WORK INSTRUCTIONS -
Range to repeat from the listing below: the line containing "Electricity meter [DS100]" down to the line containing "Focus on soft", both included. Copy it exactly, pictures excluded, and add nothing else.

GIVEN RECORDS -

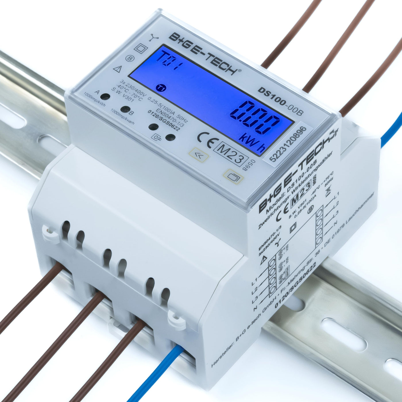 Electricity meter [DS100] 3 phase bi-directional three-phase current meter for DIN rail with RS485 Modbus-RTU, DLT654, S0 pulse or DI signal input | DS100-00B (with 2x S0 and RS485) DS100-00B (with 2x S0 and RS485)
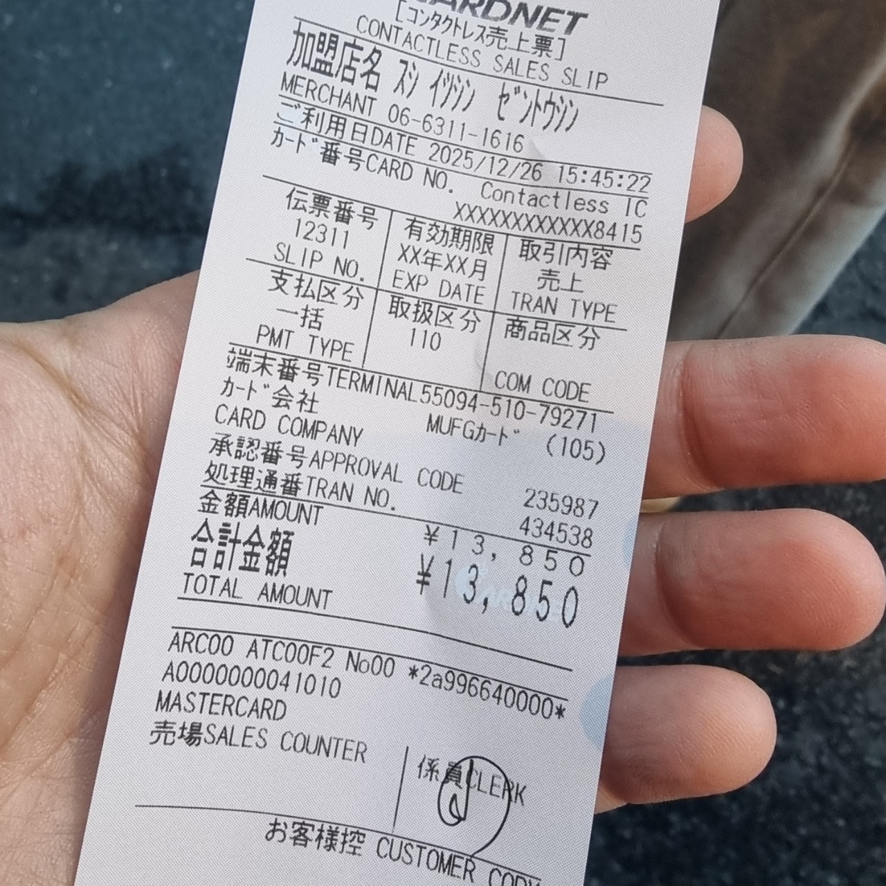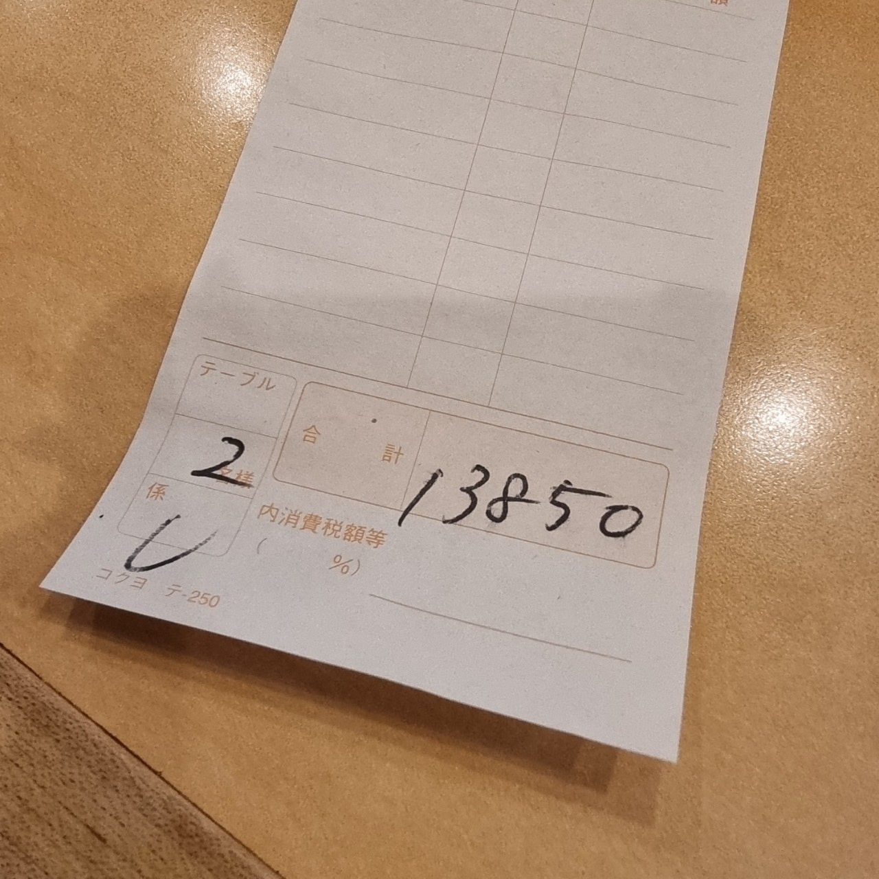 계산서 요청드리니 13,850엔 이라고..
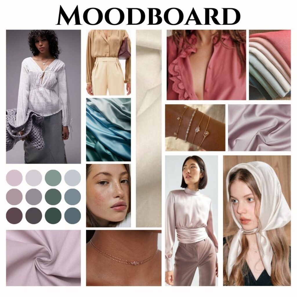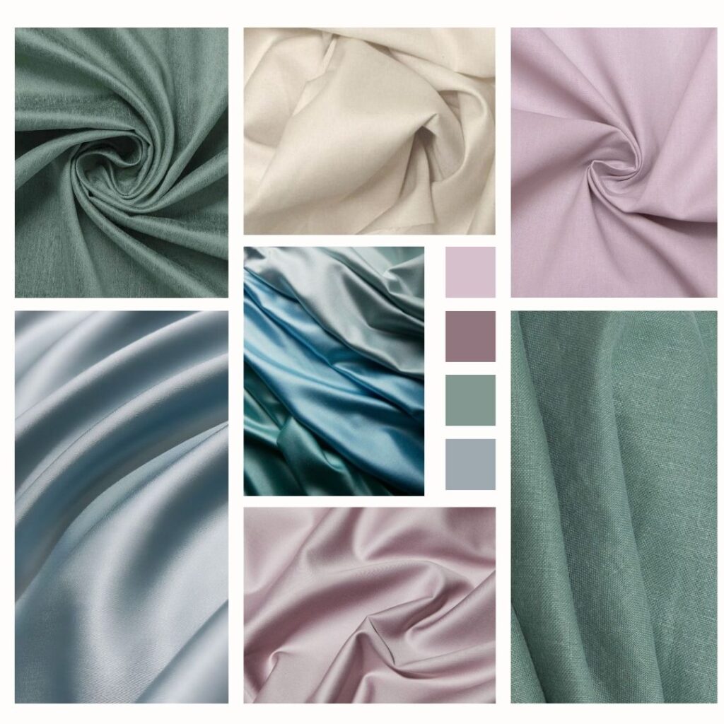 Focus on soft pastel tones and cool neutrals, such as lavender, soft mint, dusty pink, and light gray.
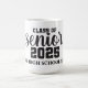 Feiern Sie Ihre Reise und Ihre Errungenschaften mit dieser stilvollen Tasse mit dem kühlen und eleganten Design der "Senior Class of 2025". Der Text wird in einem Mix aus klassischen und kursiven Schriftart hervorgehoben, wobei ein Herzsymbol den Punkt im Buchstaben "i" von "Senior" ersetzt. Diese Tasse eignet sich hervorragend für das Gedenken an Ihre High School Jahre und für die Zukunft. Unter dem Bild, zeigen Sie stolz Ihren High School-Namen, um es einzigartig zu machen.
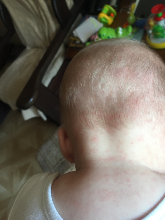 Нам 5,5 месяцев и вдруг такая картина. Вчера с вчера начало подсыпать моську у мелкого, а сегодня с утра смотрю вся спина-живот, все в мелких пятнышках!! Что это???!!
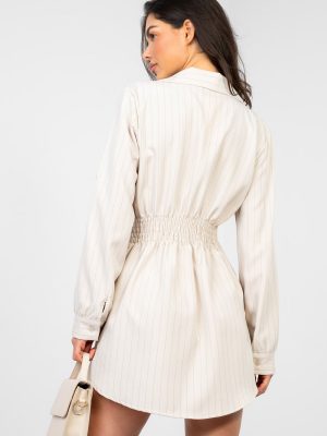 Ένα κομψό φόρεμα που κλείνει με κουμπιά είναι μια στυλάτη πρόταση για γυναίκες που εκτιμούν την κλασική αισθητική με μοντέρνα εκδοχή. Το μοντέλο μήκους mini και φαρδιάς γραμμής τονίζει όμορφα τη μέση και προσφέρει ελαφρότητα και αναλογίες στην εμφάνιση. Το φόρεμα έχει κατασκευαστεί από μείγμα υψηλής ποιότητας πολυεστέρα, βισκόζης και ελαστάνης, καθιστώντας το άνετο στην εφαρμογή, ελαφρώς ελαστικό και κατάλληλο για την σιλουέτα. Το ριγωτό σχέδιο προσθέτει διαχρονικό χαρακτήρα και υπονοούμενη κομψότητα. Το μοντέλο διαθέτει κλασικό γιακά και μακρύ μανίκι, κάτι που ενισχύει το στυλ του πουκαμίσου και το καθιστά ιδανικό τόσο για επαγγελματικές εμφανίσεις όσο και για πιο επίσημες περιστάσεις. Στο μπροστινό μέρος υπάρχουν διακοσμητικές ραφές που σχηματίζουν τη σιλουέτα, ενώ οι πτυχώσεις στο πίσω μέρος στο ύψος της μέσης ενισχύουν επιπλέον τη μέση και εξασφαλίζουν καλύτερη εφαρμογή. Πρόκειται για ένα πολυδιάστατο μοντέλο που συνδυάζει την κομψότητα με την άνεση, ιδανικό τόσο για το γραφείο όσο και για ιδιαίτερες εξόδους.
---
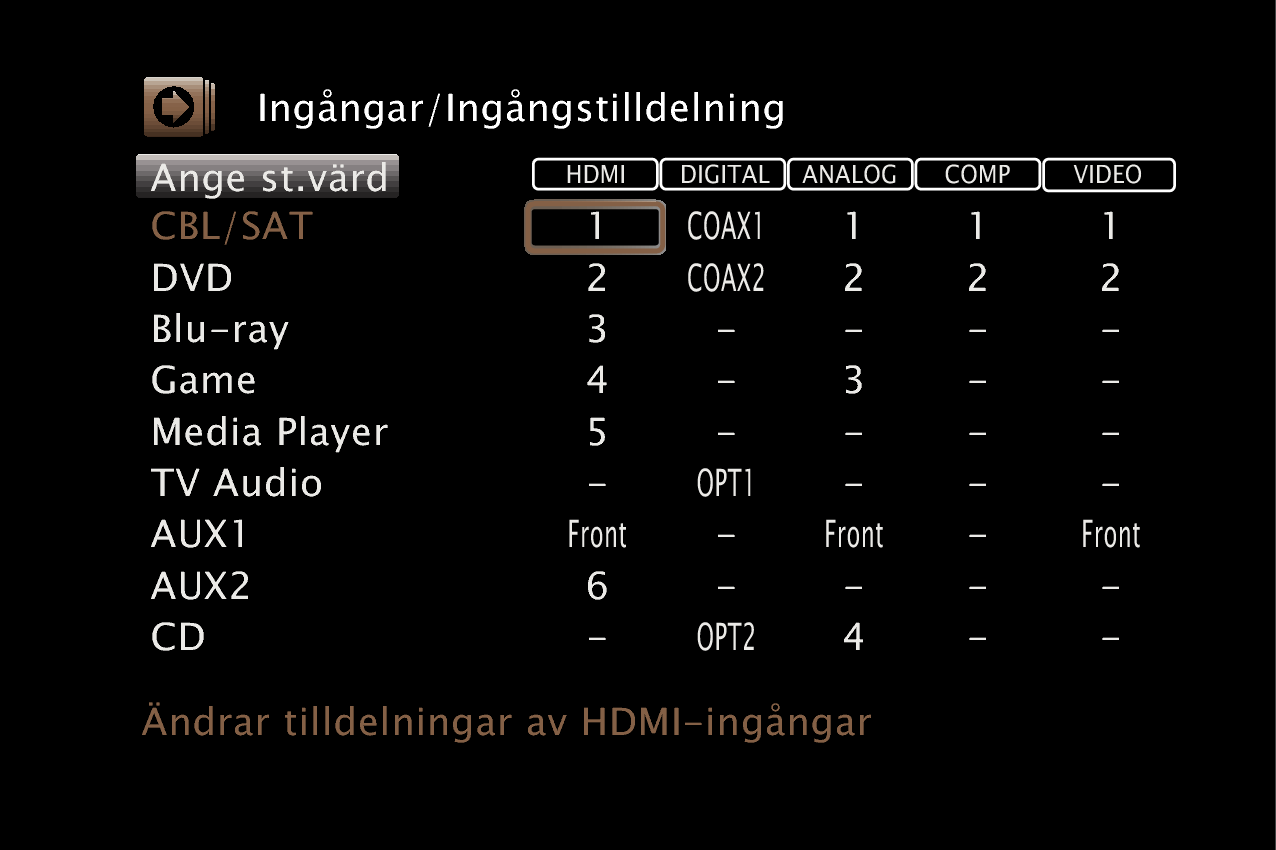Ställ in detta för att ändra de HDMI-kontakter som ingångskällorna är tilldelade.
--
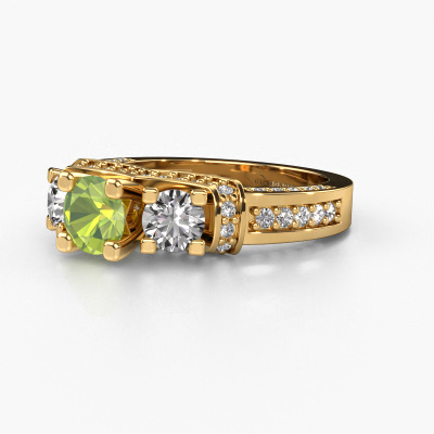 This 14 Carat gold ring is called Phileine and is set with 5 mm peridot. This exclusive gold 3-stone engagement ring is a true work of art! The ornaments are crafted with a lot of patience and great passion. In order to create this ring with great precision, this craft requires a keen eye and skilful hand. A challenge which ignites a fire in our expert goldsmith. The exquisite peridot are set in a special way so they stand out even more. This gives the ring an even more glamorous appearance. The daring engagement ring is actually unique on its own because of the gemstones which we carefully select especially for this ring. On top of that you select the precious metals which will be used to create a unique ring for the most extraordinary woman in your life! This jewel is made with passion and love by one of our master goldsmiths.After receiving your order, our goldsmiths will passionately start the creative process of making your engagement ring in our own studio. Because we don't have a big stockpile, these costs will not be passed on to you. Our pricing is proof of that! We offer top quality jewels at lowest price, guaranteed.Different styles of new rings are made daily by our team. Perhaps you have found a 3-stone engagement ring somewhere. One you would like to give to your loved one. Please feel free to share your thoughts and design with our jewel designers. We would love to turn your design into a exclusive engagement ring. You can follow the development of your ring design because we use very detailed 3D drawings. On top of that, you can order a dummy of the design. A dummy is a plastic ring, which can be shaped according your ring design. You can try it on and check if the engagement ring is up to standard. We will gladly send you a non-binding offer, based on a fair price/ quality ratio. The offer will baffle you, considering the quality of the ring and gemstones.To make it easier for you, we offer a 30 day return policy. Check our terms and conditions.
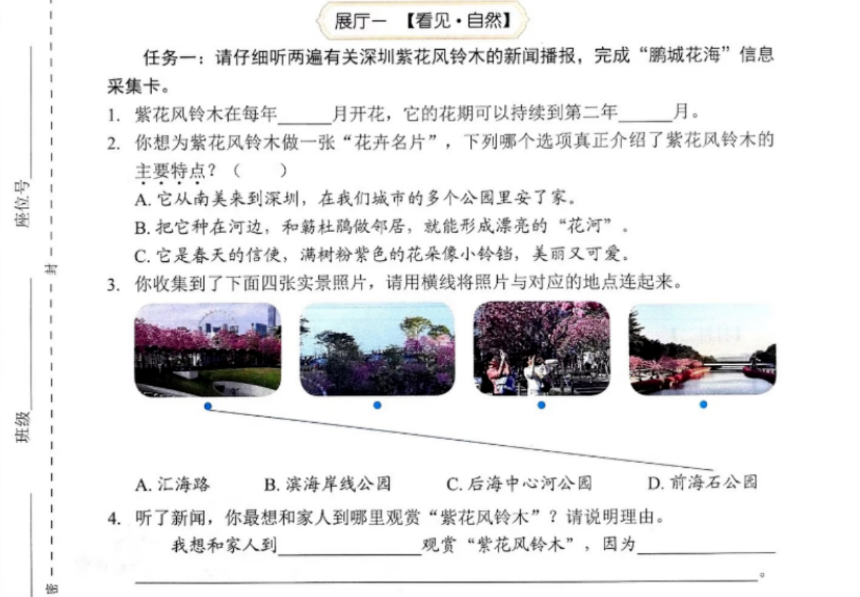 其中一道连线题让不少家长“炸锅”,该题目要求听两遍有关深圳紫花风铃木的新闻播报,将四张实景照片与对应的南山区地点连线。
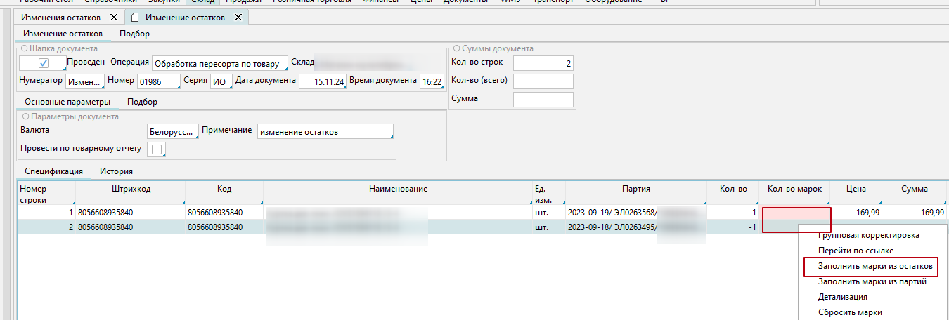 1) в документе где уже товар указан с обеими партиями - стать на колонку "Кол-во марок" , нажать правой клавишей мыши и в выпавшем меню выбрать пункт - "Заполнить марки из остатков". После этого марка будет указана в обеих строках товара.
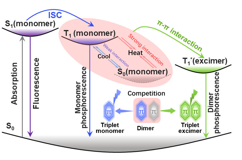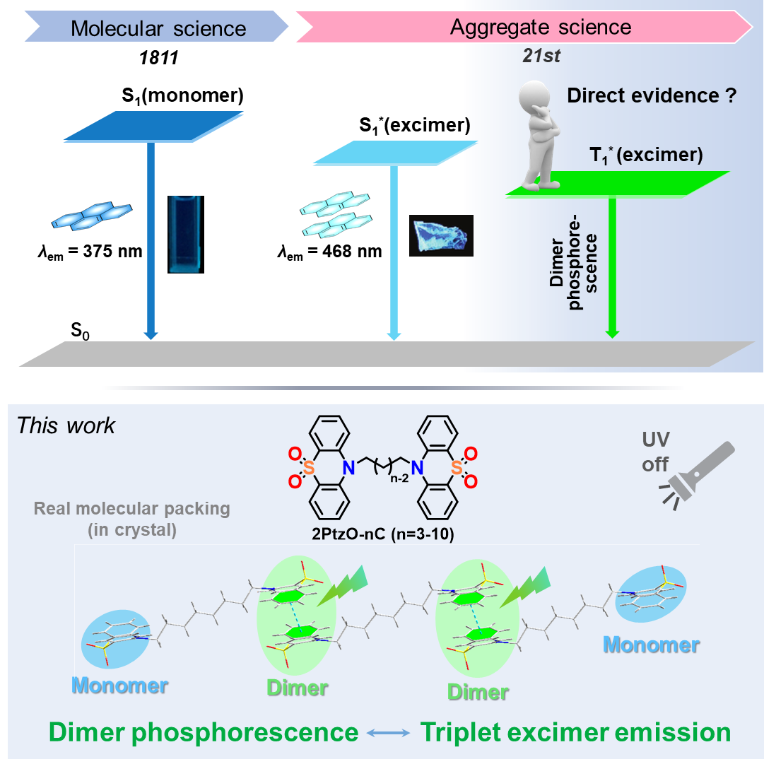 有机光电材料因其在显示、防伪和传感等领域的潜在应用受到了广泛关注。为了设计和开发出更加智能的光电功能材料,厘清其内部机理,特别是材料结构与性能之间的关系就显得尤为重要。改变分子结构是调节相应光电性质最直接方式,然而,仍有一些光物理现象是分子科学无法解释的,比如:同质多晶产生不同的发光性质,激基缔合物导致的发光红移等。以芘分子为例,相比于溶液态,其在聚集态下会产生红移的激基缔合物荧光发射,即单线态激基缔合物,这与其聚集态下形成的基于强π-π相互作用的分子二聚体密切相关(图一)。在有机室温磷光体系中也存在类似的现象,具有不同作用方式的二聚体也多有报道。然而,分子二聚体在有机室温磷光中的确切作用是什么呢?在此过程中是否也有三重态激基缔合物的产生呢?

SOLUTION TO THE PROBLEM -
 Electricity meter [DS100] 3 phase bi-directional three-phase current meter for DIN rail with RS485 Modbus-RTU, DLT654, S0 pulse or DI signal input | DS100-00B (with 2x S0 and RS485) DS100-00B (with 2x S0 and RS485)
 계산서 요청드리니 13,850엔 이라고..
 Focus on soft pastel tones and cool neutrals, such as lavender, soft mint, dusty pink, and light gray.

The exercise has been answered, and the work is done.